There are a lot of myths and misinformation, plus more than a modicum of misunderstanding, regarding how storage systems can use available bandwidth, especially with certain newer kinds of media.
I wanted to explain some of the harsh facts of storage system design in the real world, and why one shouldn’t just add up drive speeds to estimate performance.
A Common Myth – Additive Drive Performance
“This awesome new drive can read at 4GB/s!”
Sure. By itself. To get that performance, the drive needs 4x PCIe 3.0 lanes, or 2x PCIe 4.0 lanes. All the time. Which, ironically, is something one can easily do on a laptop 🙂
However, arrays don’t have a single SSD. They have potentially hundreds.
The next statement often is:
“So, 100 of those babies can read at 400GB/s! This is incredible!”

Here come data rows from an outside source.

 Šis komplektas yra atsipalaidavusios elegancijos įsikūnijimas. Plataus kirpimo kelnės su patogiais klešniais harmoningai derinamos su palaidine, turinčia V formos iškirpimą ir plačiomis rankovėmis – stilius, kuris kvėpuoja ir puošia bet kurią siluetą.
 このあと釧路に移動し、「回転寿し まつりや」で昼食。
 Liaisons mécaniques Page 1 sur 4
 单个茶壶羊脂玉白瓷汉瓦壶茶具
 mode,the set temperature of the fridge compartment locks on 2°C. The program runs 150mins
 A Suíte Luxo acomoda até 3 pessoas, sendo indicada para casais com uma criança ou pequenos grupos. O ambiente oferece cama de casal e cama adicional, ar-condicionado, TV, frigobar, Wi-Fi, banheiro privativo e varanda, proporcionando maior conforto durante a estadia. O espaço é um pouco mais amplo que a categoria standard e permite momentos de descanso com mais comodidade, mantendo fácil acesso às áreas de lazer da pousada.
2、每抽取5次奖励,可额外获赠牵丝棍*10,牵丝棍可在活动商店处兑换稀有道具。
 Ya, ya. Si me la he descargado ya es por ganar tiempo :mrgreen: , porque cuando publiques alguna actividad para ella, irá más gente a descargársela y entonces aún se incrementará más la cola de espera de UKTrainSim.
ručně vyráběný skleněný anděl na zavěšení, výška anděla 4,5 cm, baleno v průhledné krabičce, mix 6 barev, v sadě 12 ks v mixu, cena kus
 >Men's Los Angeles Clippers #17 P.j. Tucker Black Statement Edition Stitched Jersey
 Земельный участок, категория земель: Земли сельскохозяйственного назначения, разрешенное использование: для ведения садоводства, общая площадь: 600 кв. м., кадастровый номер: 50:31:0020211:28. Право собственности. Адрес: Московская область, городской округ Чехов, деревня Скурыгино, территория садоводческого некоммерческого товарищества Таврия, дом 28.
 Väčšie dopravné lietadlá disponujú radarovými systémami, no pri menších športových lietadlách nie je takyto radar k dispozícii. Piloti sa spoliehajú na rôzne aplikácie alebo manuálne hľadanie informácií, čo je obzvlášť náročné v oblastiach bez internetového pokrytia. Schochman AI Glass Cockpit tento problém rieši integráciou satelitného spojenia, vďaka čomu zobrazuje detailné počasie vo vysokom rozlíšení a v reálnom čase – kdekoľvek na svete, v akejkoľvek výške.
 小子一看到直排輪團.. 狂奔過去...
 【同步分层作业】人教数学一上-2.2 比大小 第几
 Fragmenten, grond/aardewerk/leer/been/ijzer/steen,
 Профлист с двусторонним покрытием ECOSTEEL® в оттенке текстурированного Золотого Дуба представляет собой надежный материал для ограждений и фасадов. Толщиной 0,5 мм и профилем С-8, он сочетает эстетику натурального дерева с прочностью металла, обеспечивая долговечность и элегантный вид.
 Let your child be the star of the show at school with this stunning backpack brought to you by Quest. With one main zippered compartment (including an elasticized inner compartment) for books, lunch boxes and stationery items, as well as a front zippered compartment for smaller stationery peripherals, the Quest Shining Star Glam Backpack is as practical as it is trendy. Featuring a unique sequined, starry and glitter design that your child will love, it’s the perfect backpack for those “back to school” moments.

Not even close. What would be incredible is if that figure could actually be achieved through an array controller.
Why is that?
Even a smaller, dual controller array may have 24x SSDs.
For those fancy fast SSDs to be able to be read at full speed, one would need 24 * 4 = 96 PCIe 3.0 lanes going from all the SSDs to the array itself, and eventually the outside world.
Why does PCIe lane count matter so much?
CPUs and PCIe Lanes
You see, the ultimate data mover in most modern storage systems is the CPU.
For non-memory traffic, server-class CPUs (like the common Intel Skylake-SP used in many storage systems) connect to the outside world via PCIe. Things like expansion slots on a system, or connectivity to drives, ultimately have to go through PCIe.
A single Intel Skylake-SP has 48x PCIe 3.0 lanes. A dual-socket Skylake SP system has 96x PCIe 3.0 lanes.
Everything has to go through those 96x CPU PCIe lanes.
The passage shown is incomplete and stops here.